Lenny initially signed Cutter up for golf, a sport that came fairly easily to him as he hit 260-yard drives and posted a 5.1 on his handicap sheet to his father's 10.8. "He wanted me to be a professional golfer because we lived on the Sherwood Country Club," Cutter says. "That's what he really wanted."

Cutter left his golf clubs in the closet after the eighth grade. Even so, Lenny was hesitant to be that overbearing father figure in the stands during ball games. Lenny didn't want the spotlight on himself.

"You'll never find my dad at a game," Cutter says. "No one will ever find him."

Cutter points to a car next to an oak tree nestled on a hill high above the baseball diamond, barely visible from his seat in the dugout.

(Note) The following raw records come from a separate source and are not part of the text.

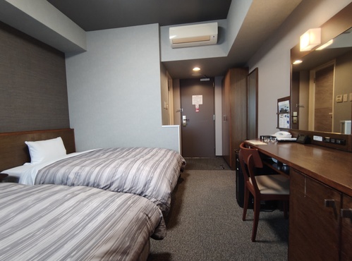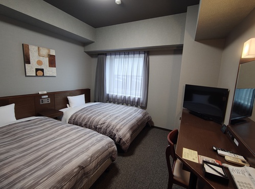 観光に最適なツインルーム。シンプルながら機能的な客室です。
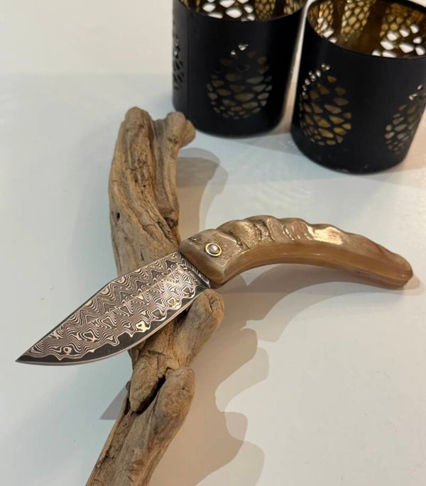 Magnifique pièce en corne de bélier blonde sanguine montée avec une lame en damas.
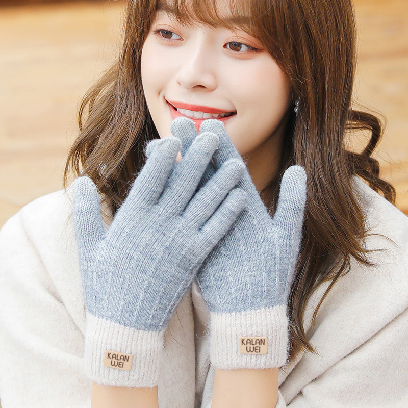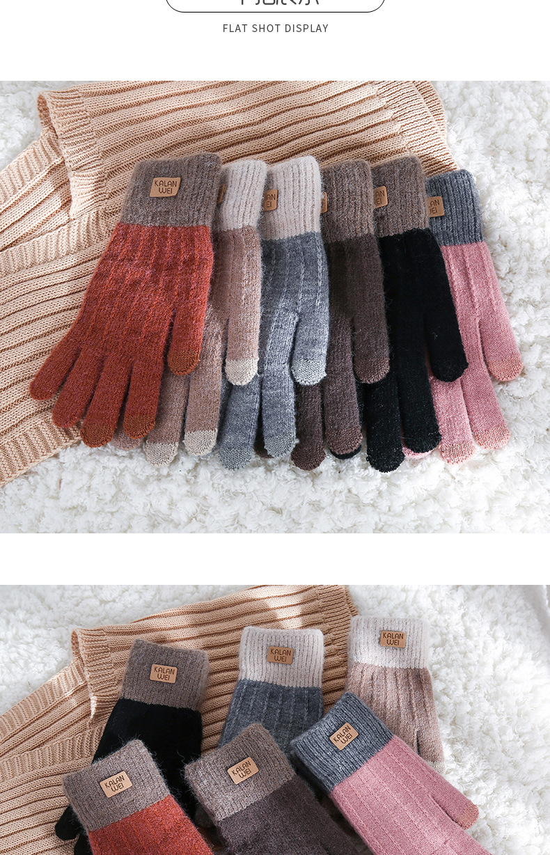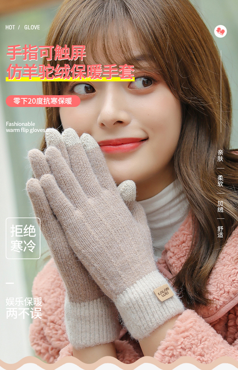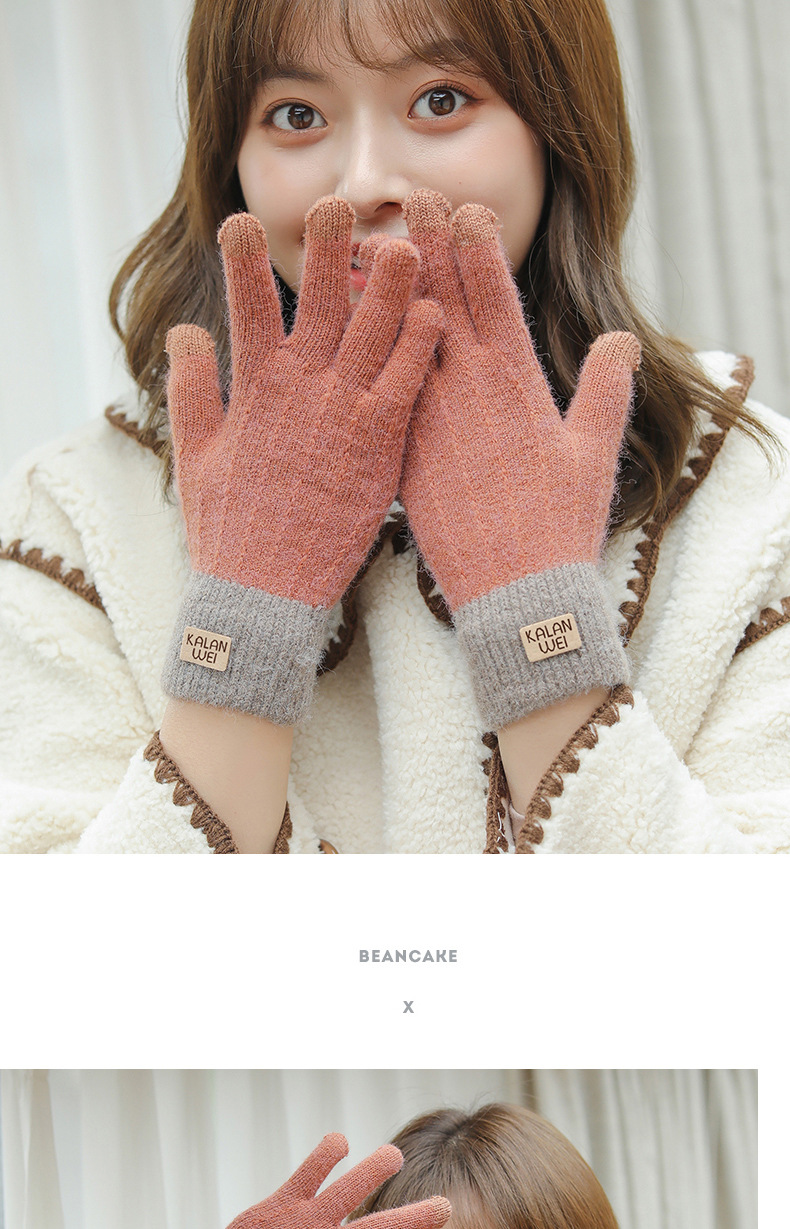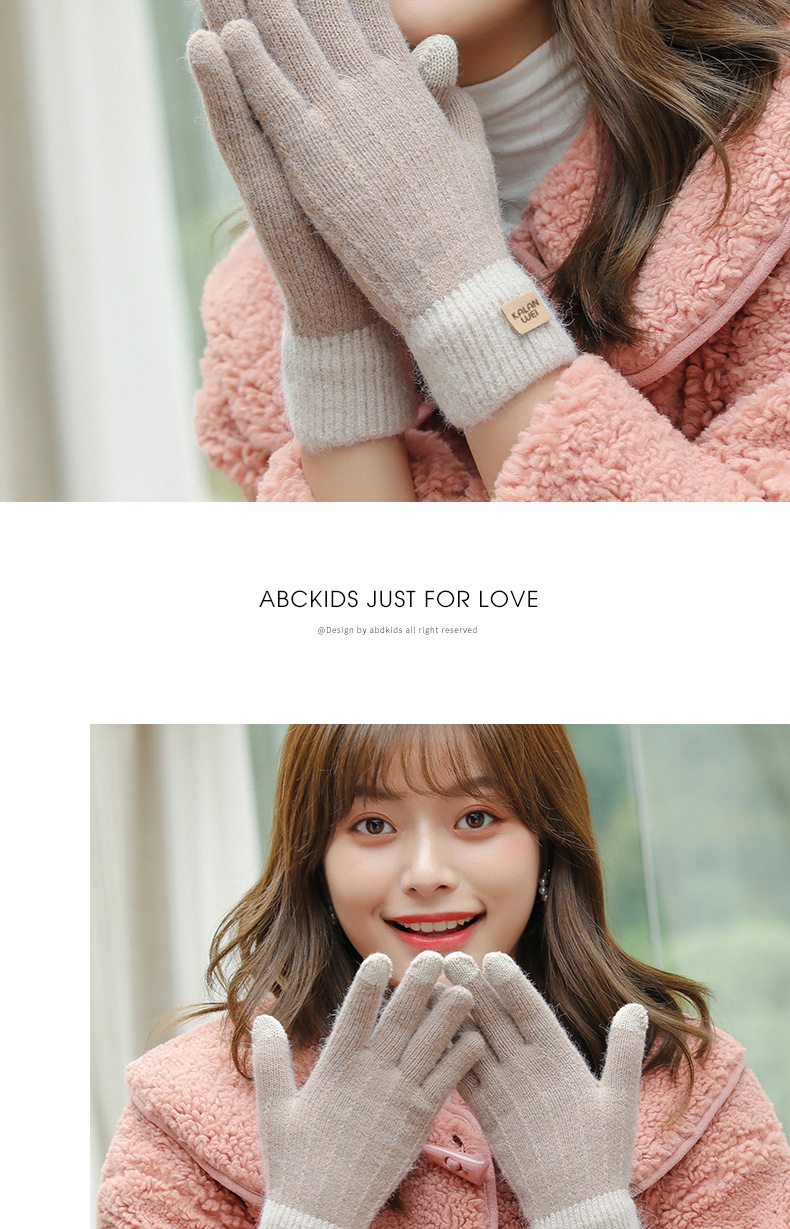 터치 스크린 따뜻한 장갑 여자의 겨울 한국식 가을과 겨울 야외 여자의 기모 두꺼운 방한 니트 스레드 장갑 재고스토어 가기
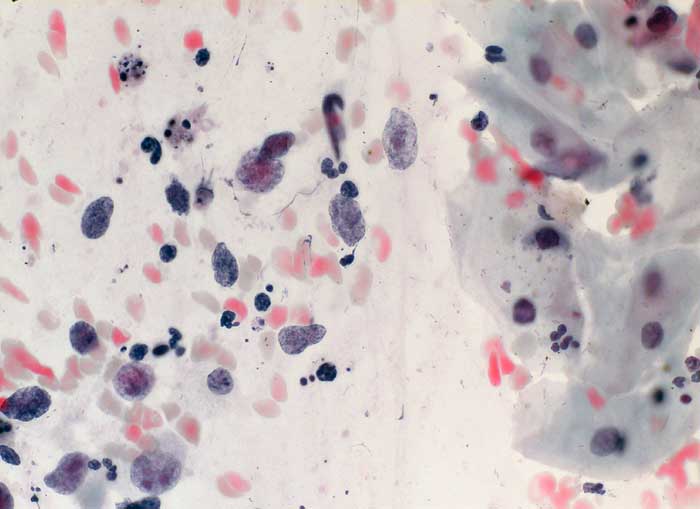 Portioabstrich: Links im Bild atypische nacktkernige einzeln liegende Lymphomzellen und Apoptosen. Rechts im Bild Plattenepithelien vom intermediären Typ.
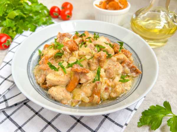 Соберите все необходимые ингредиенты для приготовления курицы с лисичками в сливочном соусе по списку.
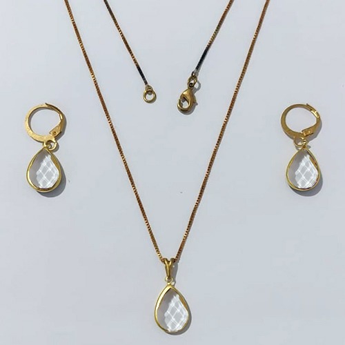 CONJUNTO NO BRUTO PRONTO PARA O BANHO - COM CORRENTE VENEZIANA DE 45CM - PINGENTES PINGENTE 8X12MM (GOTA)COMPOSIÇÃO 70% LATÃO E 30% VIDRO BRANCO - PESO: 5,0GR - BRU24051

"He's usually up there in his Maybach and I'm sure he has about three laptops lined up in front of him," he says, referencing his father's constant tracking of the stock market, which is a part of his second career as a successful businessman. Lenny is also launching a magazine for professional athletes, The Players Club. "But he always watches the games and he really watches them closely. I'll go into his office after games and we'll go over the counts; we'll go over all the mental stuff. He preaches that I should always play the game off the scoreboard. Being in the game and being a smart player."

Cutter has a scholarship offer from UCLA but says he'll likely go pro if he is drafted in the early rounds. He doesn't display any pretense as to his priorities in life.

"Everything I do is baseball," says Cutter. "Everything I do, I ask myself, 'How is thing going to help my game? How is this going to get me to the next level? How is this going to show everyone that I'm going to be a star?' Everything I do is all out."

Said Westlake High coach Zach Miller: "I haven't seen a kid who takes it as serious as he does. He wants to be the best and obviously a lot has to do with his last name but he's his own player. He's going to make a name for himself."

While Cutter would like to make his own mark in the majors, he envisions that will come as a result of playing the game with same reckless abandon that hasn't been seen since his father was scrapping with catchers and stealing bases.

"When I get on the field, I want to put on a show for people. I want people to pay to come watch me play," Cutter says. "I want to entertain people every time I'm on the field -- lay out for balls, run through walls, whatever it takes. That came from my dad."